JAKARTA - Ekonom Universitas Brawijaya Wildan Syafitri mengatakan, industri pengolahan (manufaktur) Indonesia masih menjadi yang terkuat di kawasan Asia Tenggara (ASEAN), mengingat total nilai tambah manufaktur (manufacturing value added/MVA) RI mencapai 255 miliar dolar AS.

"Pencapaian sektor industri manufaktur Indonesia patut diapresiasi karena ini adalah pencapaian yang positif mengingat dalam situasi krisis justru Indonesia dapat meningkatkan efisiensi industri manufaktur,” kata dia dilansir ANTARA, Kamis, 25 Juli.

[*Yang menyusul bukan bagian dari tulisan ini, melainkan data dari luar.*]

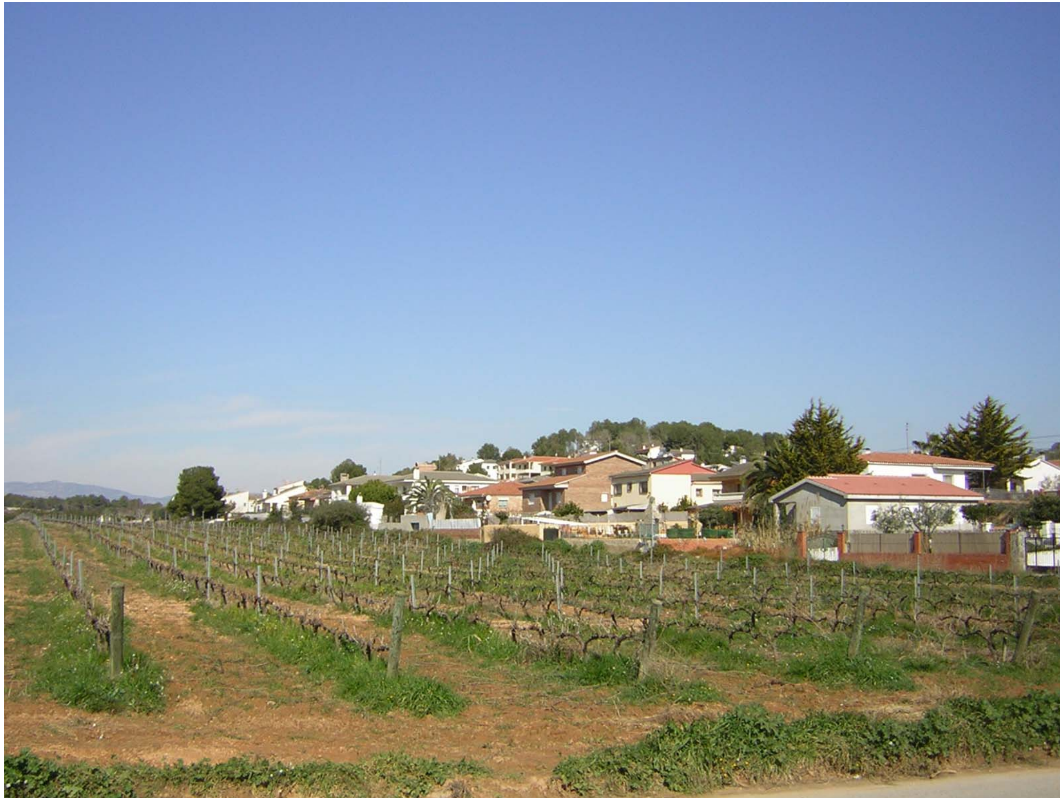
Figura 12.4: Urbanització.
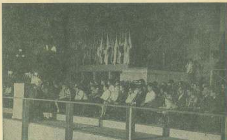
El Presidente de la FEU, Francisco Dorticós, leyendo la Resolución General del IV CLAE, y parte de los delegados estudiantiles que ocuparon asientos en la Presidencia del acto de clausura, en la Escalinata Universitaria.

¡Viva la lucha heroica del estudiantado latinoamericano!"
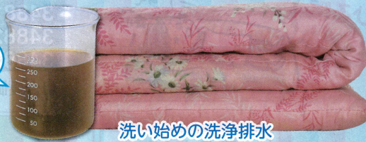
洗い始めの洗浄排水
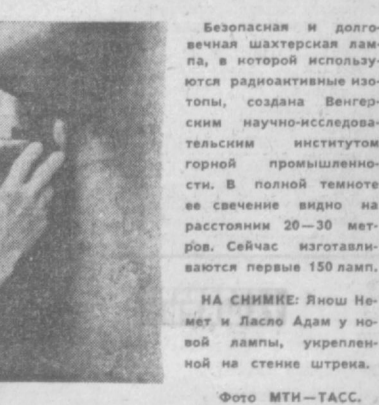
Безопасная и долговечная шахтерская лампа, в которой используются радиоактивные изотопы, создана Венгерским научно-исследовательским институтом горной промышленности.

НЬЮ-ЙОРК. 24 февраля вечером с мыса Канада в сторону планеты Марс с помощью ракетной системы «Атлас-Нентав» был произведен запуск космической станции «Маринер-6».
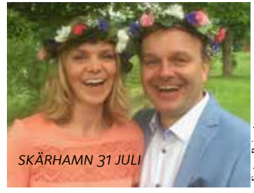
SKÅRHAMN 31 JULI
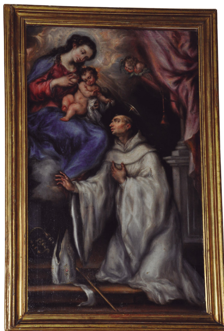
Figura 19. San Bernardo reconfortado por la Virgen.

El museo también ha cooperado con otras agrupaciones, como Astrolabio Románico, con una visita guiada al monasterio y el museo programada en mayo de 2015 para los miembros de esta asociación especialmente interesados en el conocimiento del
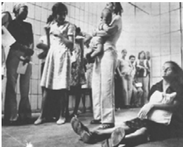
Figura 7. Mulheres e crianças em fila de espera, enfrentando as precárias condições dos serviços públicos de saúde nas grandes cidades brasileiras durante a década de 1970
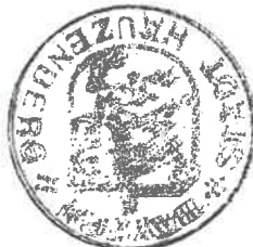
..... Gudrun Donaubaauer 1. Bürgermeisterin
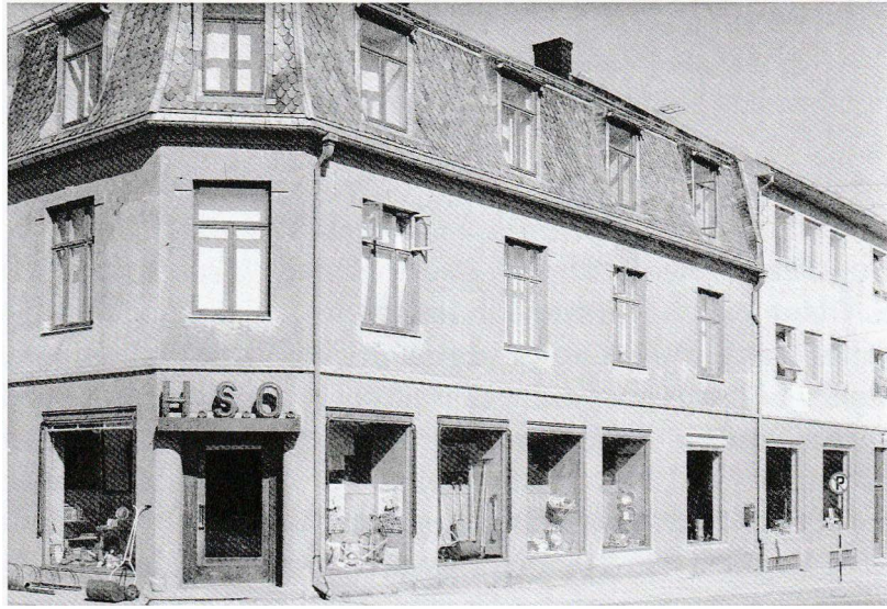
Forretningsbygget slik det fremsto i 1958. Legg merke til brosteinen! Den har preget Mysen-gatene i en årrekke, inntil moderne asfalt fikk overta.

I stedet åpnet han i 1914 byggvareforretningen som etter hvert ble en av de større spesialforretningene i Østfold.

Dia menjelaskan, dalam lima tahun terakhir data MVA Indonesia yang dirilis Bank Dunia menunjukkan peningkatan yang signifikan.

Dalam data terakhir yang dirilis, angka nilai tambah manufaktur Indonesia jauh di atas negara anggota ASEAN lainnya, seperti Thailand dan Vietnam yang nilai MVA hanya setengah dari Indonesia, yakni masing-masing 128 miliar dolar AS, serta 102 miliar dolar AS.

Sementara dari sisi kontribusi terhadap Produk Domestik Bruto (PDB), sektor industri pengolahan nonmigas pada triwulan I 2024 menjadi penyumbang terbesar, yaitu 17,47 persen dengan pertumbuhannya sebesar 4,64 persen.

Di sisi ekspor, nilai pengiriman produk industri pengolahan nonmigas pada semester I tahun 2024 mencapai 91,65 miliar dolar AS atau setara 73,27 persen dari total ekspor nasional, dengan penyerapan tenaga kerja sebanyak 18,82 juta orang.

"Tren positif ini dapat kita maknai sebagai peningkatan efisiensi industri. Kondisi ini juga cerminan dari kekuatan industri dalam memberikan kontribusi pada perekonomian Indonesia merupakan cerminan dan gambaran dari sejauh mana kekuatan industri dalam perekonomian nasional,” katanya.

Dia mengatakan, performa tersebut didorong karena Indonesia bisa memanfaatkan krisis rantai pasok (supply chain) akibat perang Rusia-Ukraina, peran dari pembangunan infrastruktur, investasi, serta peningkatan kemampuan sumber daya manusia (SDM).

Dirinya secara khusus memberikan perhatian mengenai respons Indonesia dalam menghadapi kondisi impor barang-barang murah yang menyerbu ke pasar domestik.

"Jika kondisi ini berlangsung terus maka lambat laun akan mematikan industri dalam negeri. Industri dalam negeri perlu lebih baik beradaptasi dengan tren permintaan pasar dan regulasi pemerintah perlu menjaga industri dalam negeri dari serangan impor ini,” katanya.

Sebelumnya, Menteri Perindustrian (Menperin) Agus Gumiwang Kartasasmita mengatakan nilai tambah manufaktur terhadap perekonomian (Manufacturing Value Added/MVA) Indonesia mencapai 255 miliar dolar Amerika Serikat (AS) yang menjadikan nilai manufaktur RI naik ke posisi 12 secara global.